I didn't see any automatic option for XMP, but all timings can be specified manually in there, if you know what your memory's profiles support. If you're running dual processors, also consider that memory access to non-local NUMA nodes (i.e. one processor accessing the other processor's connected memory channels) is very high latency. Dual processors only make things faster for quite particular workload scenarios.
Miyconst has a great UA-cam channel that you should look up. He has content pertaining to enabling boost clocks on Xeon on these platforms. It's not something I've needed to do for my use cases, and so haven't experimented with this at all. Also, to the best of my knowledge, XTU isn't supported on these server platforms, though I'd be surprised if you couldn't set all the settings it has, directly in the BIOS.

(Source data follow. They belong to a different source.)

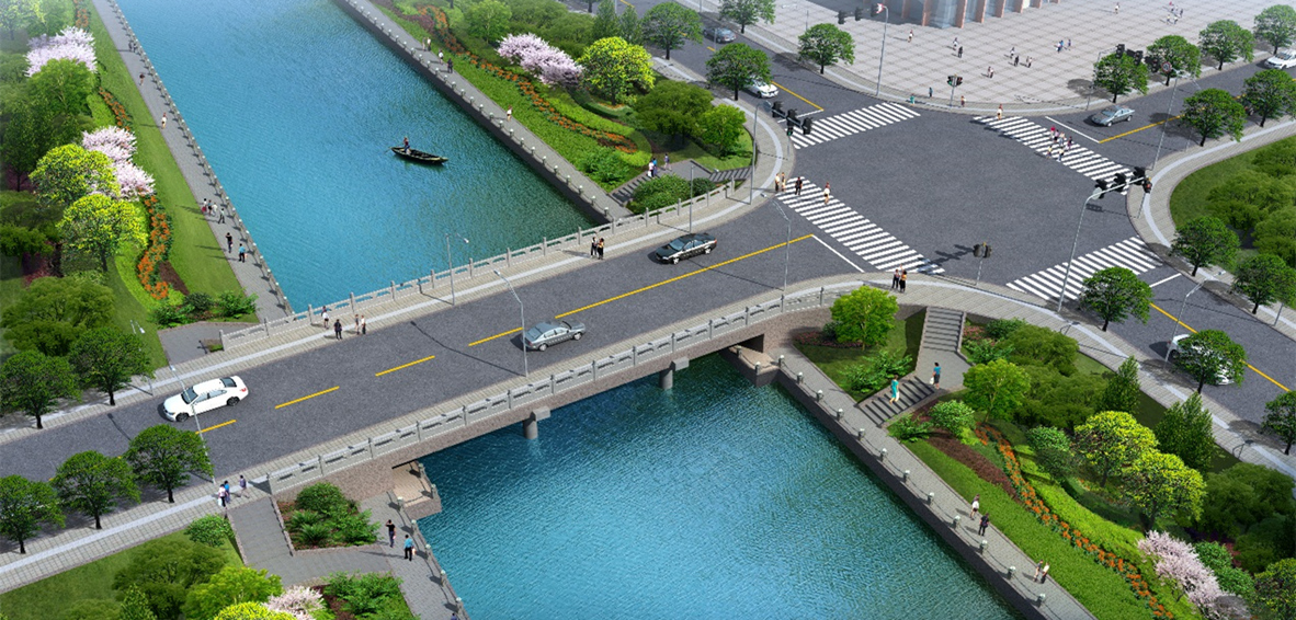 项目规模:道路共3条,总长1947米,桥梁3座 设计内容:道路、交通、桥梁、给排水管线、照明、绿化等
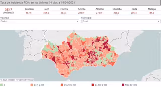 Según los últimos datos actualizados por la Consejería de Salud, consultados por Europa Press, los 118 municipios por encima de la tasa de 500 casos Covid en las últimas dos semanas se reparten por las ocho provincias, ya que Granada registra 44 localidades, Jaén 24, Sevilla 15, Cádiz diez, Huelva siete, Almería y Córdoba seis y Málaga cuatro.
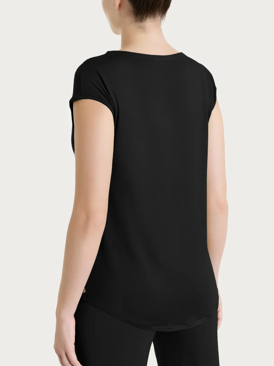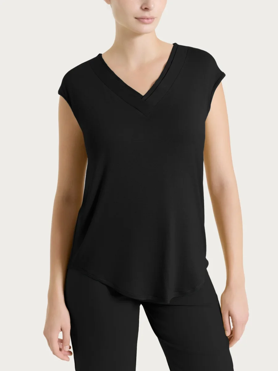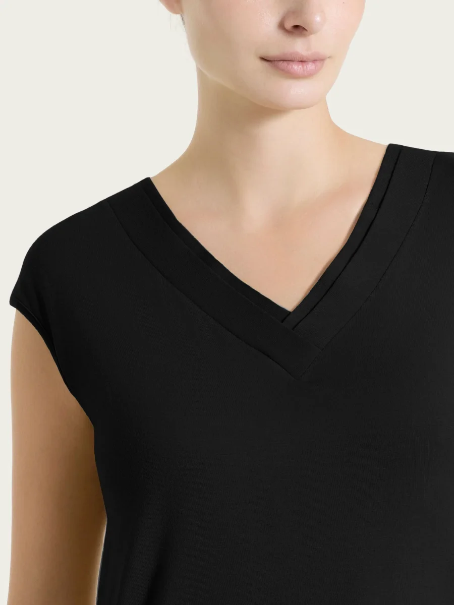 Maglietta da donna tinta unita con scollo a V incrociato, realizzata in Viscosa Summer, dal look fresco e femminile.
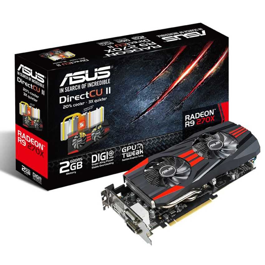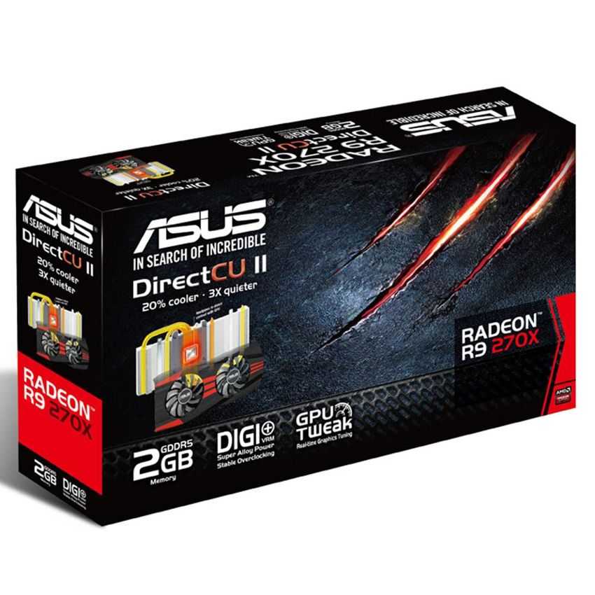 Descripción ASUS 90YV04U1-M0NA00. Familia de procesadores de gráficos: AMD, Procesador gráfico: Radeon R9 270X, Máxima resolución: 2560 x 1600 Pixeles. Gráficos discretos memoria del adaptador: 2 GB, Tipo de memoria de adaptador gráfico: GDDR5-SDRAM, Ancho de datos: 256 Bit. Tipo de interfaz: PCI Express 3.0. Tipo de enfriamiento: Activo, Color del producto: Negro, Rojo. Profundidad: 13,3 cm, Altura: 4 cm, Ancho: 27,2 cm
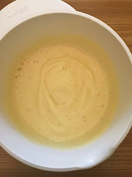 Quando lo sciroppo avrà raggiunto la temperatura indicata dal termometro, versatelo a filo nella ciotola dove avete montate le uova con lo zucchero. Montate con le fruste fino al raffreddamento completo.]
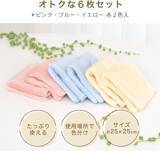 3色 2枚の計6枚入りで使用場所ごとに色分けして使い分けが可能です。
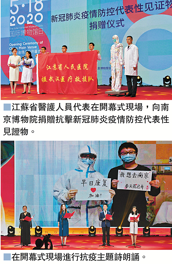在今年主會場活動開幕式上,有關單位在現場向南京博物院捐贈一批反映合力抗擊新冠肺炎疫情的物證資料,並舉行向醫護人員致敬活動。此外,活動現場更進行了主題為《生命重於泰山》的抗疫主題詩朗誦。
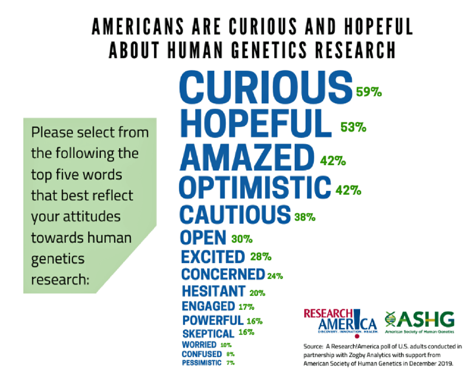 Most Americans associate more optimistic words with human genetics research than they do darker implications: “curious,” “hopeful,” “amazed.” and indeed “optimistic” ranked the top four impressions in peoples’ minds, based on a survey form the American Society of Human Genetics (ASHG).
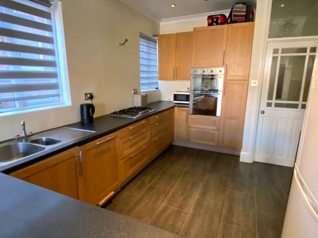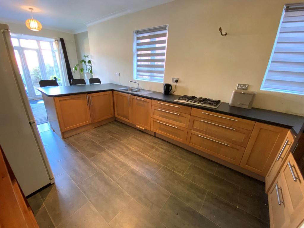 UPVC double glazed windows to side elevation. UPVC double glazed bay window with French doors to garden to rear elevation. Fitted with a range of wall mounted and base level cabinets and drawers with roll top work surface over. One and a half bowl stainless steel sink and drainer unit with mixer tap over. Five ring gas hob, eye level double oven. Space and plumbing for white goods. Breakfast bar and space for stools. Space for dining furniture. Radiators. Television point. Tile effect laminate flooring.
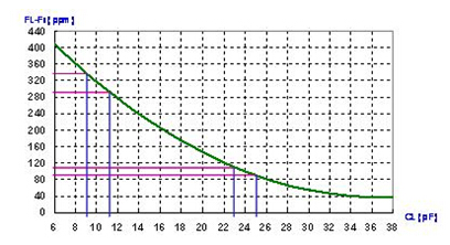 頻率的“牽引率”指的是負載電容CL1的頻率FL1到負載電容CL2的頻率FL2的頻率變化. 在圖中可以是FL1(CL=24pF)與FL2(CL=10pF)的頻率變化值. 在這個例子中的頻率牽引率是 220 ppm. 若我們將CL1與CL2的負載電容值趨近極小化(曲線作數(shù)學上的微分), 就會得到曲線的切線值. 這個切線值就是用某一個負載電容的敏感度( trim sensitivity ).
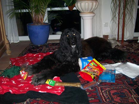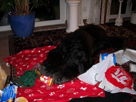 Hier sehen wir Chip, der jede Menge Geschenke selbst auspacken durfte...
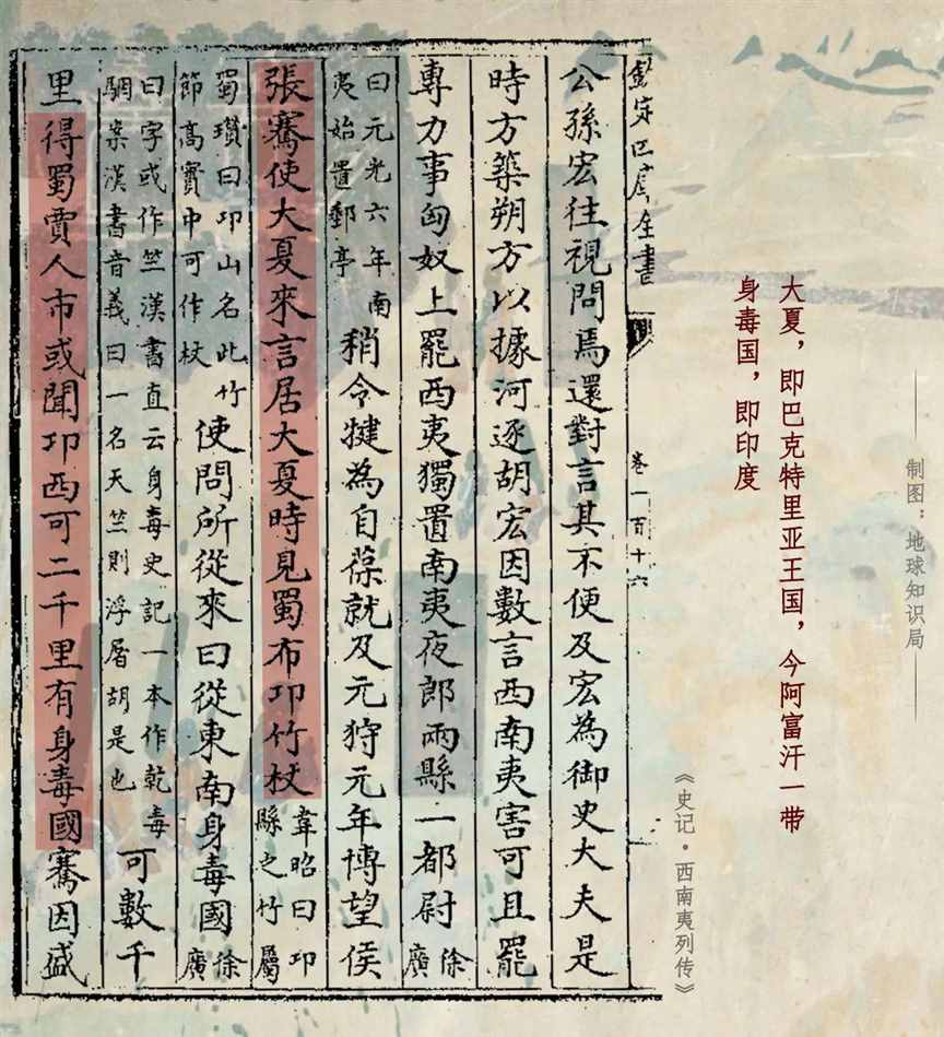 汉武帝时,张骞出使西域,在中亚大夏国发现了蜀地出产的邛竹杖和蜀布。这些东西是商人从古印度贩来的。
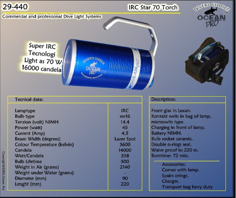 Μετά από πολύ μεγάλη διαδικασία επετεύχθη συμφωνία με την Δανέζικη κατασκευαστική εταιρεία Ocean Pro. Μια εταιρεία που κατασκευάζει κυρίως φακούς τεχνικής κατάδυσης, με canister, συμβατικούς φακούς με Led η HID, φίλτρα αεροσυμπιεστών, μείκτες αερίων και άλλα περιφερειακά.
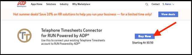 Step 5: Click the “Buy Now” button at the top of the ADP Marketplace listing for the Telephone Timesheets Connector. Note: ADP charges 50 cents per user. Telephone Timesheets does not charge anything for integration to 3rd-party systems. Ever.
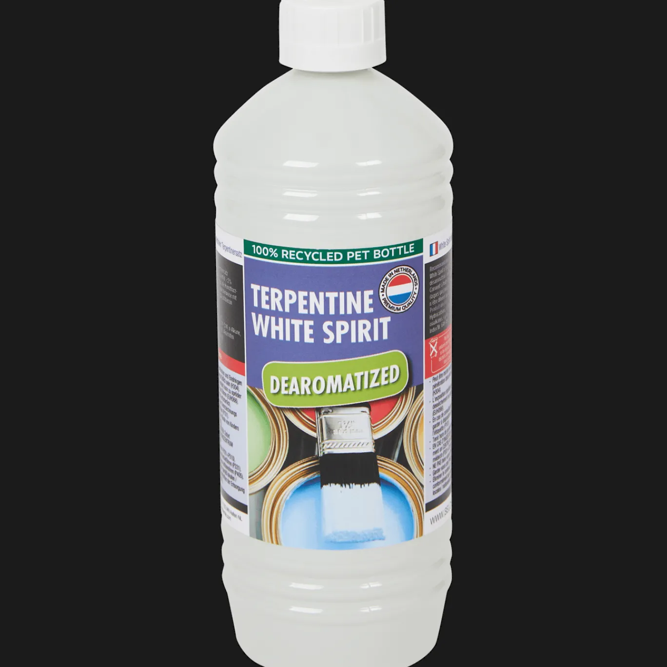 Aromaatvrije terpentine, te gebruiken als verdunner van verf of voor het verwijderen van verfresten en het schoonmaken van kwasten.
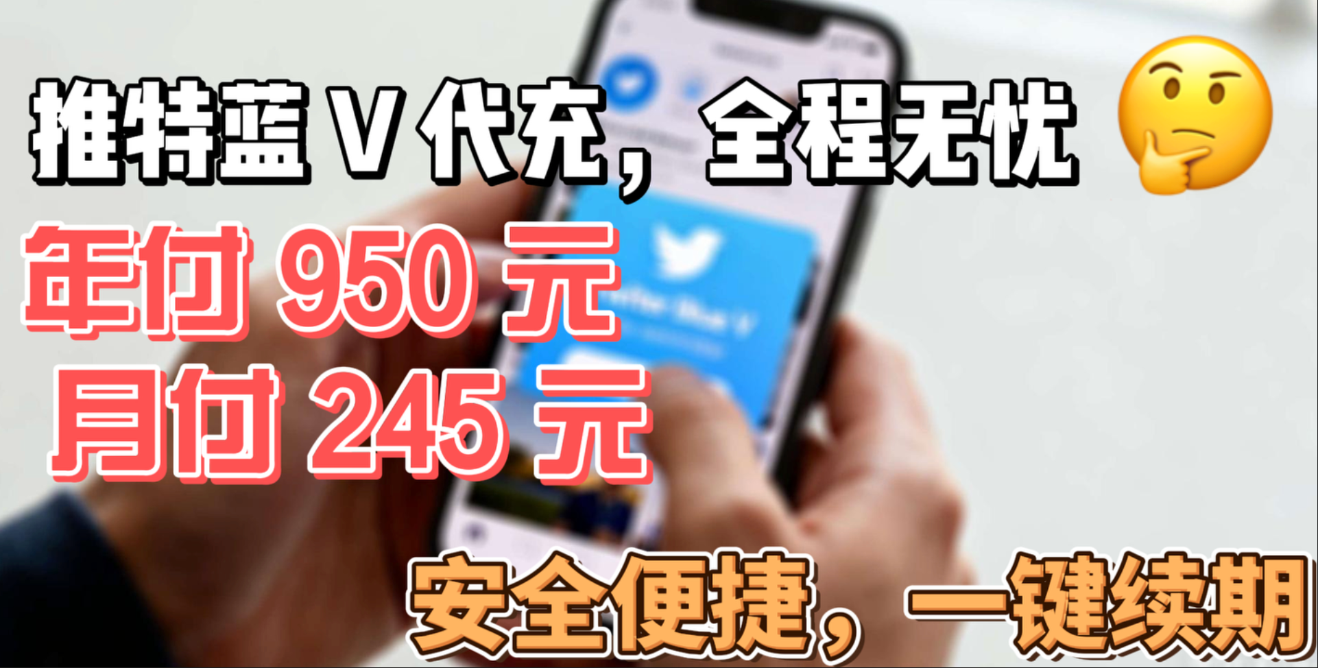 别再让支付难题成为您推特运营的绊脚石!推特会员代充服务,是您解决银行/卡风控、地区限制以及实现批量账号统一代充的唯一稳定选择。了解更多代充服务详情或获取批量报价,立即联系我们的专业客服团队!
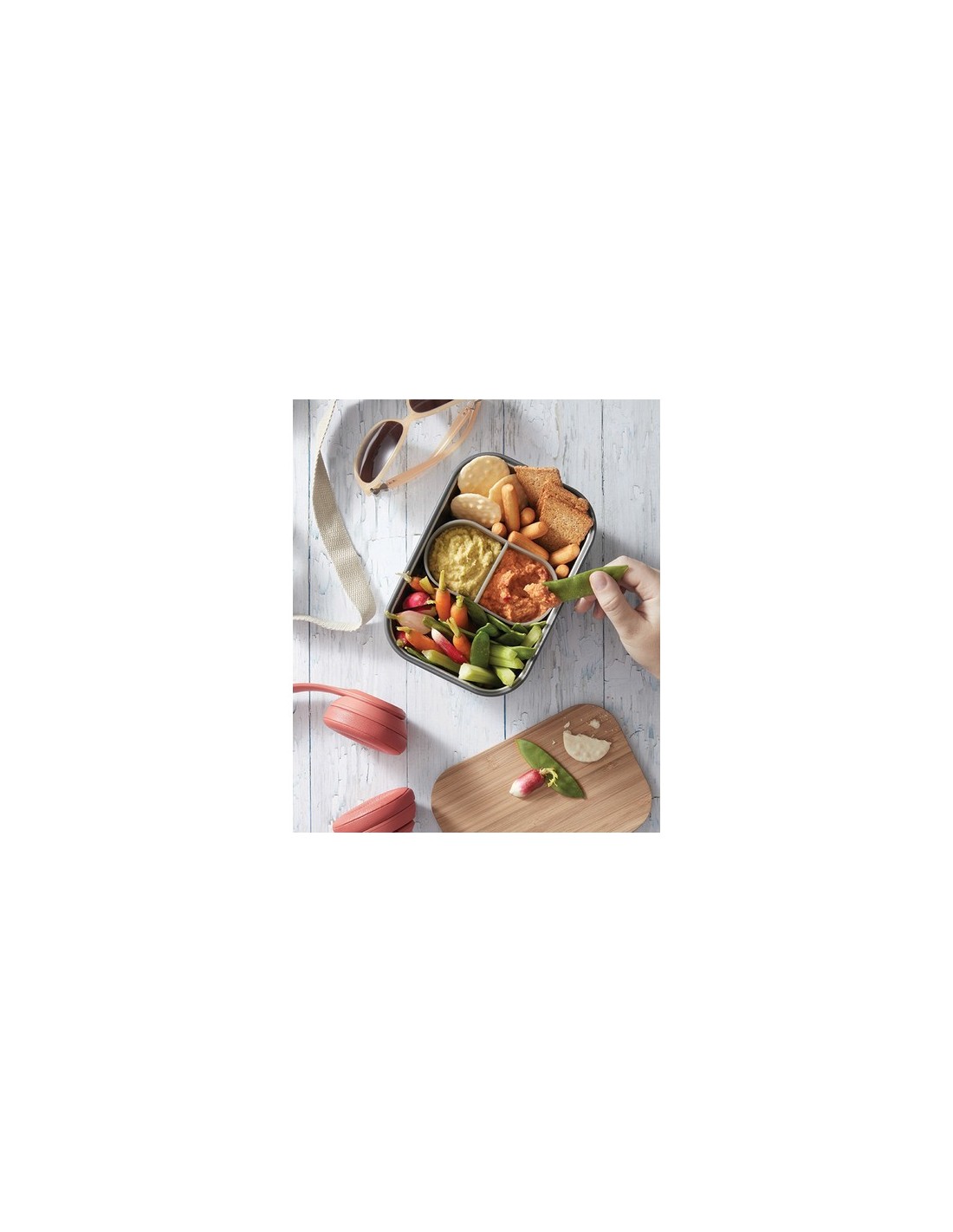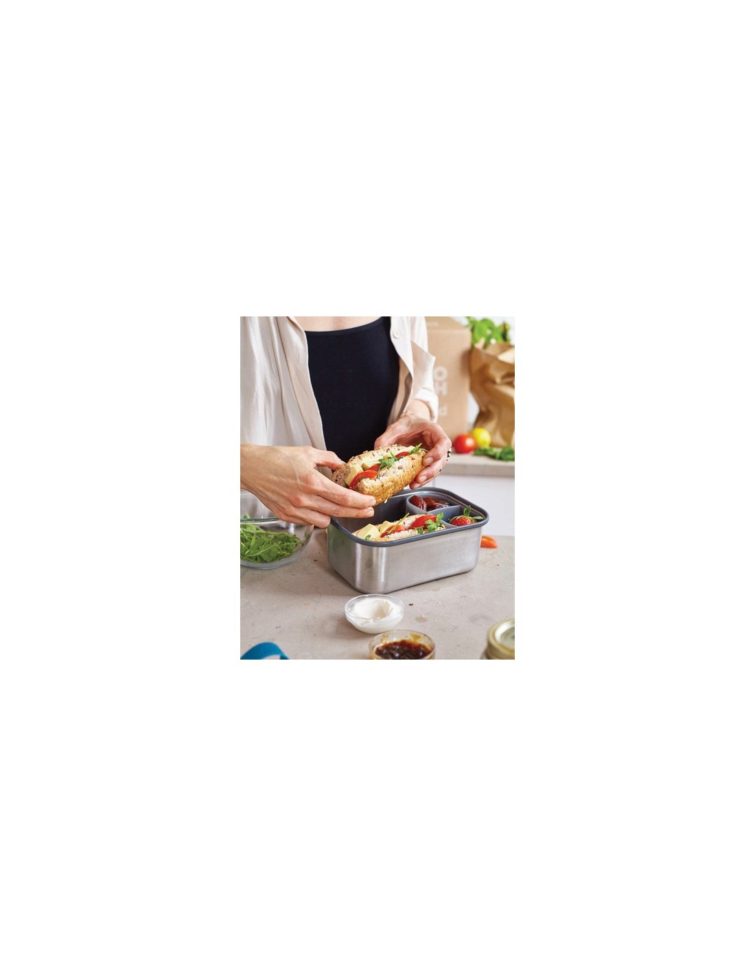 Basándonos en el éxito de nuestra primera fiambrera, hemos introducido esta versión más profunda para permitirle llevar consigo artículos más grandes, como frutas y yogures. Esta es una solución de diseño robusta y 100% libre de plástico para preparar y transportar tus sándwiches, embutidos o incluso tu selección de quesos! Esta fiambrera de acero inoxidable es uno de esos productos que resulta familiar y confiable desde el primer día, y está diseñado para envejecer maravillosamente. Utiliza la tapa de bambú naturalmente antibacteriana como tabla de cortar para crear tus sándwiches o como tabla para servir para reunir los ingredientes para una comida deliciosa más tarde durante el día. La caja de acero inoxidable protege el contenido y la correa de silicona proporciona mayor seguridad. El compartimento interior te ayuda a separar diferentes alimentos y es apto para microondas. Lavar a mano únicamente. Material : Acero inoxidable, Bambú Recycled Content Percent : 0 Sin materiales Bisphenol A, Conforme directiva seguridad Alimentos 1935/2004/EC & 2020/1245, Restringido en el Convenio de Estocolmo, Reglamento PoP UE/Reino Unido, Reglamento REACH (CE) nº 1907/2006, flúor total menos de 50 ppm Packaging : Caja de regalo All print codes : CO2 Engraving 2,Pad Print,Laser Engraving 2 - Print code default : Grabado CO2 - parte superior - 90 x 60 mm - max color : 1 Social Audits : BSCI Total CO2 emissions : 3,08.
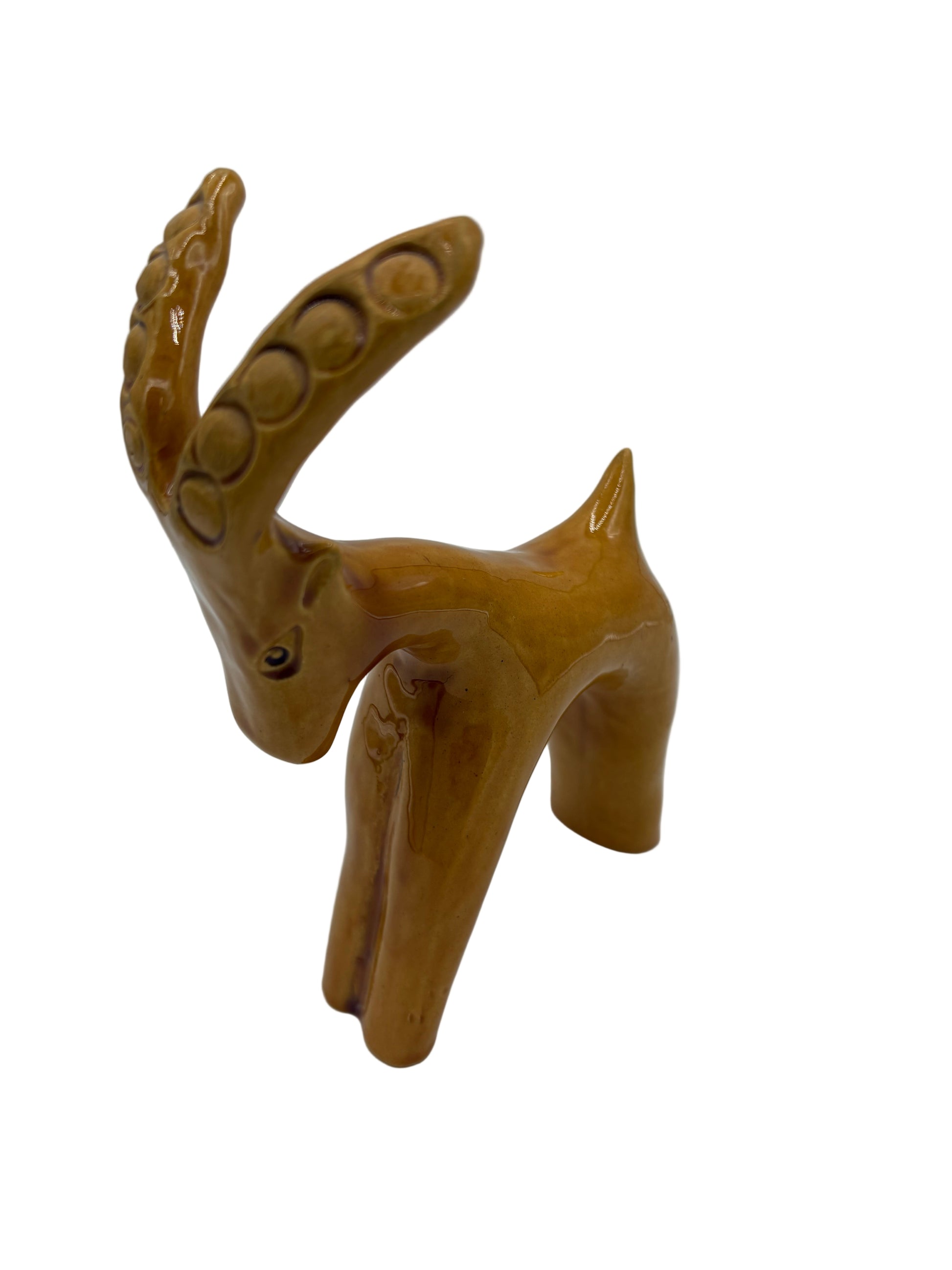 La pièce représente un bouquetin stylisé, aux formes épurées et harmonieuses. Réalisée en terre cuite émaillée d’un ton miel chaud, elle se distingue par son modelage fluide et ses cornes spiralées ponctuées de reliefs circulaires, évoquant à la fois la puissance et la douceur de l’animal.
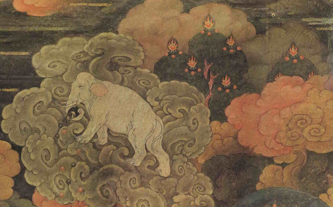 普贤座下六牙白象,只用淡墨一勾,从笔势的顿挫转折中,巧妙地表现了象体的蜷伏着的沉重厚硕的质感。

@@andrewsturmey thanks this is helpful
@@andrewsturmey Can you please point me in the right direction to where you can manually specify the timings? The BIOS I have with mine (same board) seems very limited in options by design. I see in the IntelRCSteup menu I can adjust freq but that is about it :(
I cannot look directly on this Machinist board, as I have the server running 24×7 usually. However, I do recall my Jiahuayu board's BIOS being as-near-as-makes-no-difference the same for these settings, and so I'll refer to that.
• Go into “IntelRCSetup” ▸ “Memory Configuration” ▸ “Memory Timings & Voltage Override”.
• Set “DIMM profile” = “Manual”.
• Refer to the memory's reference document for XMP profile settings for each value.
If you are missing those settings, then you probably will need to find a guide on how to patch and reflash the BIOS to expose the settings. That is probably a bit nearing the edge of my day-to-day familiarity to advise on.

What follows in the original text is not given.